| Exercise requirements |
Copy each line below word for word and drop every image.

· · · ·

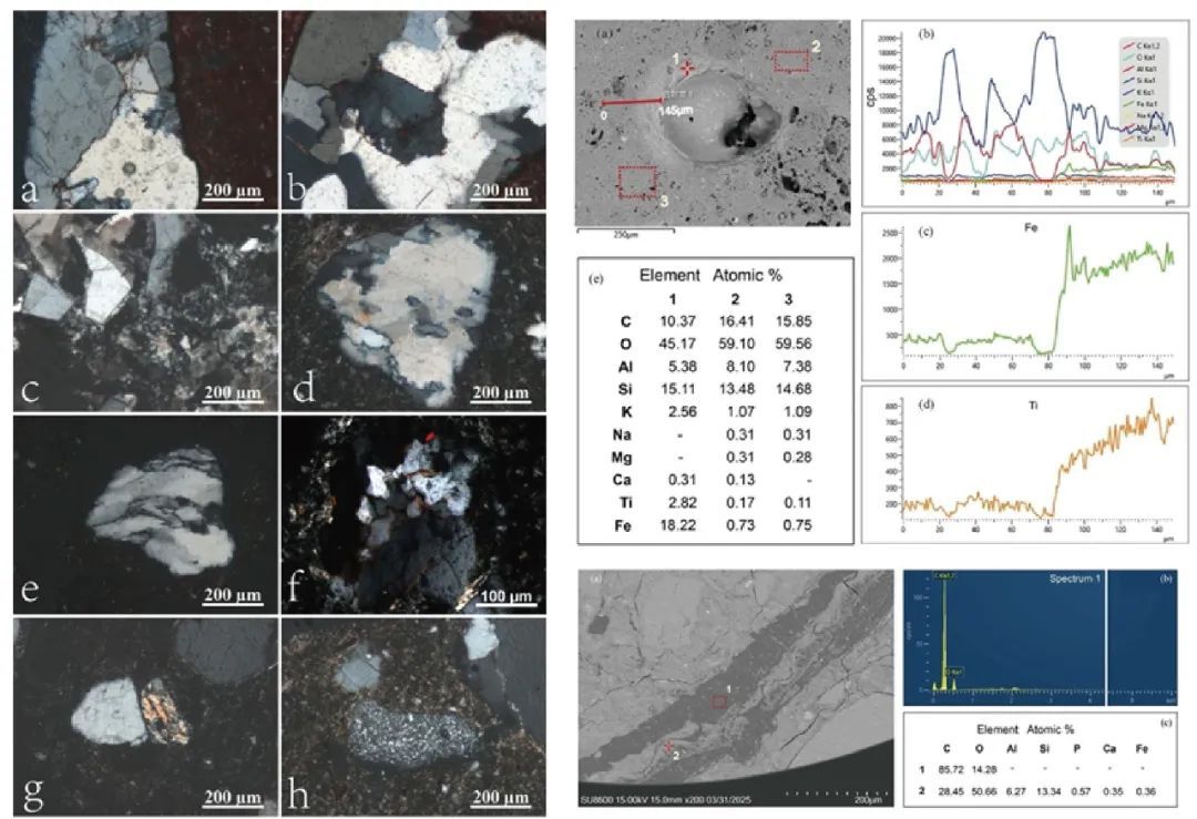 图2龟山遗址出土陶器岩相显微形貌及SEM-EDS分析
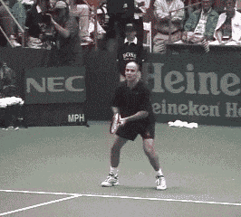 (Translator's note: In the final sentence of this paragraph, the author actually used a question mark (!?) at the end in the original text.)Translator's note on wrist lockingFor now, let's remain skeptical.This type of return practice isn’t easy for beginners—body-stretching returns are only used under extreme conditions.Under the condition of fully extending their bodies, players rely very little on the power generated by shifting their center of gravity.If the arm is fully extended and you grip the racket firmly using just the bottom three fingers, this technique generates wrist torque that propels the racket head forward, resulting in a shot speed equal to the sum of the ball’s velocity and the racket head’s speed. However, if you extend your arm and grip the racket with your entire palm instead, you’ll lose that wrist torque entirely—the racket head will move purely linearly forward, causing the ball to rebound more passively rather than being actively driven. In this case, the shot speed will depend primarily on the ball’s velocity.
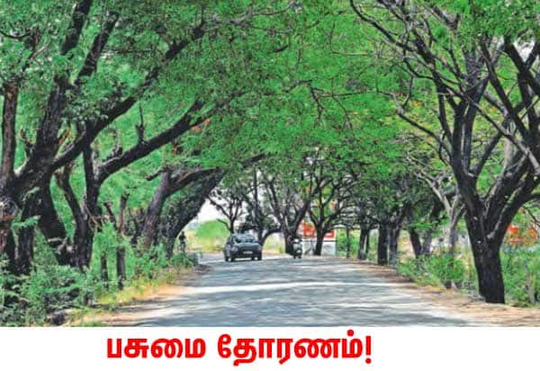 திருப்பரங்குன்றம்-அவனியாபுரம் ரோட்டில் கல்குளம் பகுதியில் இருபுறமும் வளர்ந்துள்ள மரங்கள் தோரணம் போல் பசுமை பந்தல் அமைத்துள்ளன.
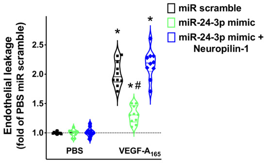 Figure 4. Targeting Neuropilin-1 by miR-24 significantly reduces endothelial permeability. Endothelial leakage triggered by VEGF-A165 (50 ng/mL) was measured in hBMECs transfected with miR-24-3p mimic, miR scramble, or combining miR-24-3p mimic and Neuropilin-1 overexpression; * p < 0.05 vs. PBS, # p < 0.05 vs. miR-scramble. PBS: Phosphate-buffered saline.
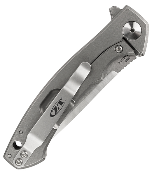 ZT built it with an S35VN stainless blade that sharpens to a razor edge, holds it well, and can be resharpened easily. The knife opens smoothly and easily with the KVT ball-bearing opening system and built-in flipper. A titanium frame lock with hardened steel lockbar insert ensures solid lock up. Polished pivot hardware just adds to the 0450's refined good looks. Brand new in box.
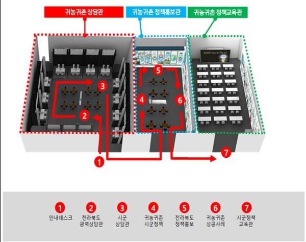 전북도 정책 홍보관에서는 전라북도에서 실시하는 농업·농촌 정책 소개를 통해 농업을 계획하고 준비하는 귀농·귀촌의 최적지로서 도시민들에게 전라북도를 알리고 홍보할 예정이며,시·군 귀농귀촌 홍보관에서는 산재되어 있는 정보를 한자리에서 비교 분석함으로써 귀농귀촌 수요자들에게 맞춤형 정보를 제공할 수 있도록 시군별 대표작물과 귀농귀촌 정책, 임시 거주시설 현황 및 의료·교육·복지환경 등 귀농귀촌 정보를 분석 한 종합정보를 제공한다.
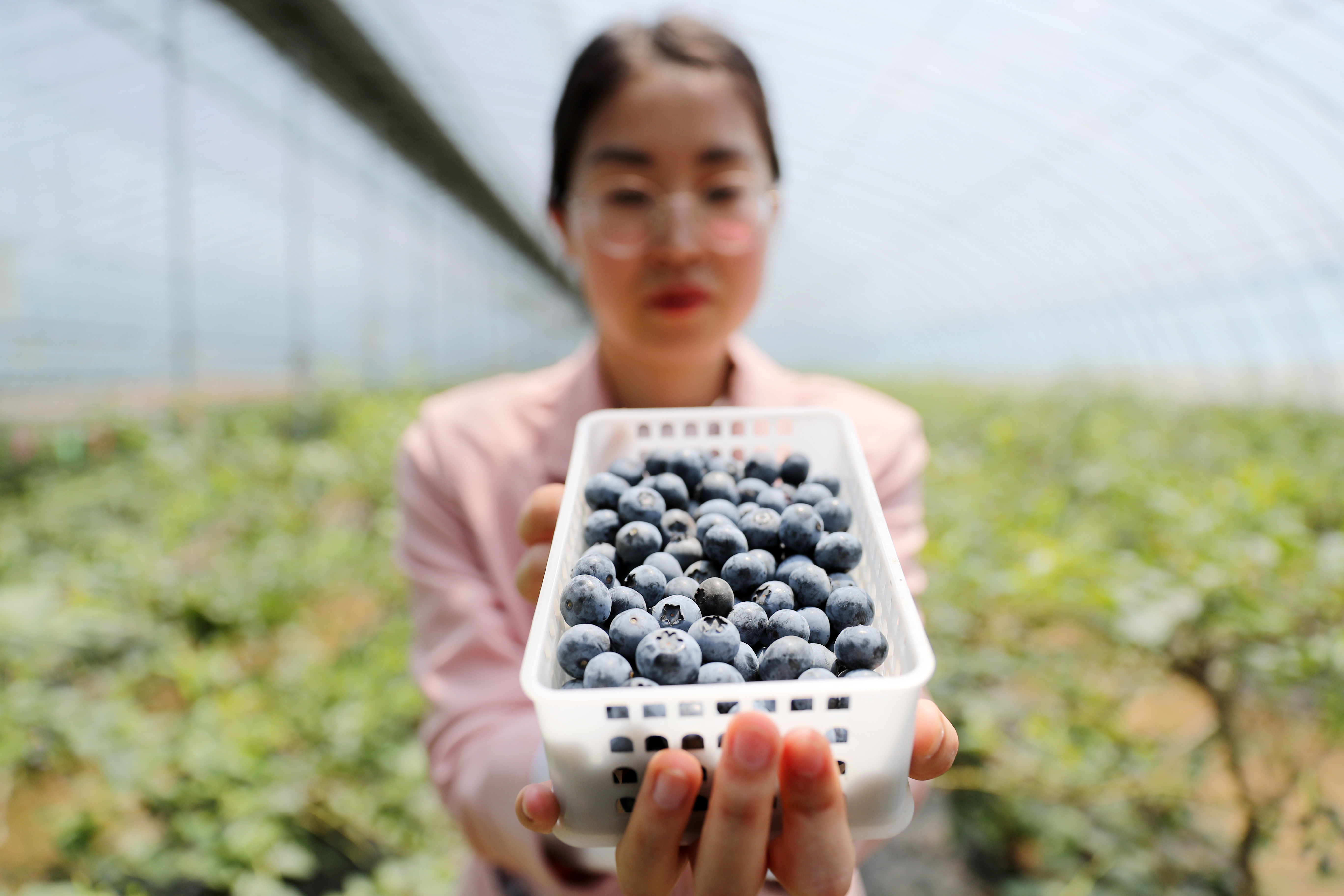 5月7日,青島西海岸新區(qū)寶山鎮(zhèn)一種植戶在分裝藍(lán)莓。

· · · ·

| Written response |
 图2龟山遗址出土陶器岩相显微形貌及SEM-EDS分析
 (Translator's note: In the final sentence of this paragraph, the author actually used a question mark (!?) at the end in the original text.)Translator's note on wrist lockingFor now, let's remain skeptical.This type of return practice isn’t easy for beginners—body-stretching returns are only used under extreme conditions.Under the condition of fully extending their bodies, players rely very little on the power generated by shifting their center of gravity.If the arm is fully extended and you grip the racket firmly using just the bottom three fingers, this technique generates wrist torque that propels the racket head forward, resulting in a shot speed equal to the sum of the ball’s velocity and the racket head’s speed. However, if you extend your arm and grip the racket with your entire palm instead, you’ll lose that wrist torque entirely—the racket head will move purely linearly forward, causing the ball to rebound more passively rather than being actively driven. In this case, the shot speed will depend primarily on the ball’s velocity.
 திருப்பரங்குன்றம்-அவனியாபுரம் ரோட்டில் கல்குளம் பகுதியில் இருபுறமும் வளர்ந்துள்ள மரங்கள் தோரணம் போல் பசுமை பந்தல் அமைத்துள்ளன.
 Figure 4. Targeting Neuropilin-1 by miR-24 significantly reduces endothelial permeability. Endothelial leakage triggered by VEGF-A165 (50 ng/mL) was measured in hBMECs transfected with miR-24-3p mimic, miR scramble, or combining miR-24-3p mimic and Neuropilin-1 overexpression; * p < 0.05 vs. PBS, # p < 0.05 vs. miR-scramble. PBS: Phosphate-buffered saline.
 ZT built it with an S35VN stainless blade that sharpens to a razor edge, holds it well, and can be resharpened easily. The knife opens smoothly and easily with the KVT ball-bearing opening system and built-in flipper. A titanium frame lock with hardened steel lockbar insert ensures solid lock up. Polished pivot hardware just adds to the 0450's refined good looks. Brand new in box.
 전북도 정책 홍보관에서는 전라북도에서 실시하는 농업·농촌 정책 소개를 통해 농업을 계획하고 준비하는 귀농·귀촌의 최적지로서 도시민들에게 전라북도를 알리고 홍보할 예정이며,시·군 귀농귀촌 홍보관에서는 산재되어 있는 정보를 한자리에서 비교 분석함으로써 귀농귀촌 수요자들에게 맞춤형 정보를 제공할 수 있도록 시군별 대표작물과 귀농귀촌 정책, 임시 거주시설 현황 및 의료·교육·복지환경 등 귀농귀촌 정보를 분석 한 종합정보를 제공한다.
 5月7日,青島西海岸新區(qū)寶山鎮(zhèn)一種植戶在分裝藍(lán)莓。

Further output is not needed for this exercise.